DATA UNDER STUDY START
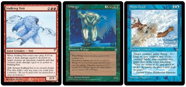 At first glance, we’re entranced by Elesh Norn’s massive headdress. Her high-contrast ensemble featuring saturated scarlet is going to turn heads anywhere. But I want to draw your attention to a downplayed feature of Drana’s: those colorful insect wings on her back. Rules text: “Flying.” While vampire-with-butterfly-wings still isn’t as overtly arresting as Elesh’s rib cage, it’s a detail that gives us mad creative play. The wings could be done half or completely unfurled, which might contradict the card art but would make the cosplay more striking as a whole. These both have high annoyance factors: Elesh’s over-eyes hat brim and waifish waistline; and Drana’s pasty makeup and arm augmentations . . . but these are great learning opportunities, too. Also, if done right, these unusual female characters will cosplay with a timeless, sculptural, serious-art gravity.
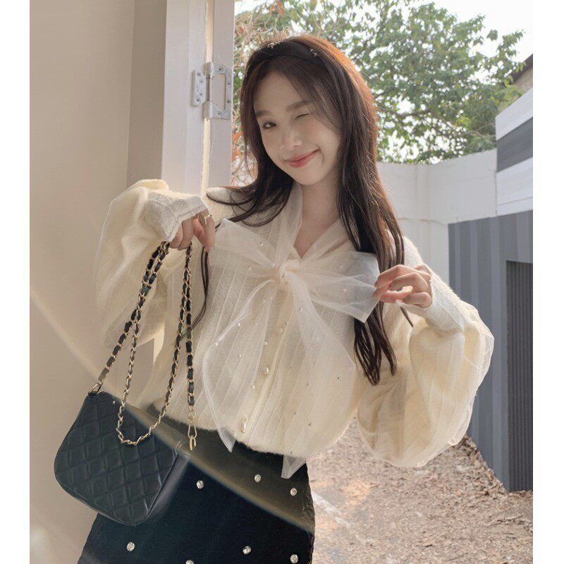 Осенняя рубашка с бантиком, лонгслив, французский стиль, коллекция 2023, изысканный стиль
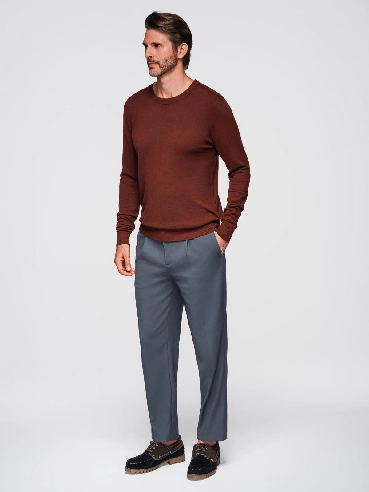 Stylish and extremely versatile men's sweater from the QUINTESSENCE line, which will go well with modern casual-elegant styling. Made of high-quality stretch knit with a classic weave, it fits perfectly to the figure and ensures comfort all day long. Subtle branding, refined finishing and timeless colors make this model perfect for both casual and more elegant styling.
DATA UNDER STUDY END
DATA UNDER STUDY START
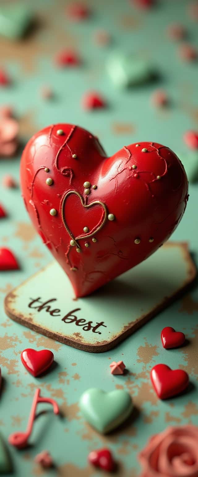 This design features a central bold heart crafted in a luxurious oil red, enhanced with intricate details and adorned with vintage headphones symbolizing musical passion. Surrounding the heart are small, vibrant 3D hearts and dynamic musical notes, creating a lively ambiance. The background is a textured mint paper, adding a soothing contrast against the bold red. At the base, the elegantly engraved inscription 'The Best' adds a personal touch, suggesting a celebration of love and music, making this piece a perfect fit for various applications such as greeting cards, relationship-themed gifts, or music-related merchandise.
DATA UNDER STUDY END
**DIRECTIONS FOR THIS TASK**.
Everything from the line above that contains "Осенняя рубашка с" down to the line that contains "Stylish and extremely" must be reproduced exactly, both ends included. Omit the pictures.

**EXERCISE OUTPUT**.
 Осенняя рубашка с бантиком, лонгслив, французский стиль, коллекция 2023, изысканный стиль
 Stylish and extremely versatile men's sweater from the QUINTESSENCE line, which will go well with modern casual-elegant styling. Made of high-quality stretch knit with a classic weave, it fits perfectly to the figure and ensures comfort all day long. Subtle branding, refined finishing and timeless colors make this model perfect for both casual and more elegant styling.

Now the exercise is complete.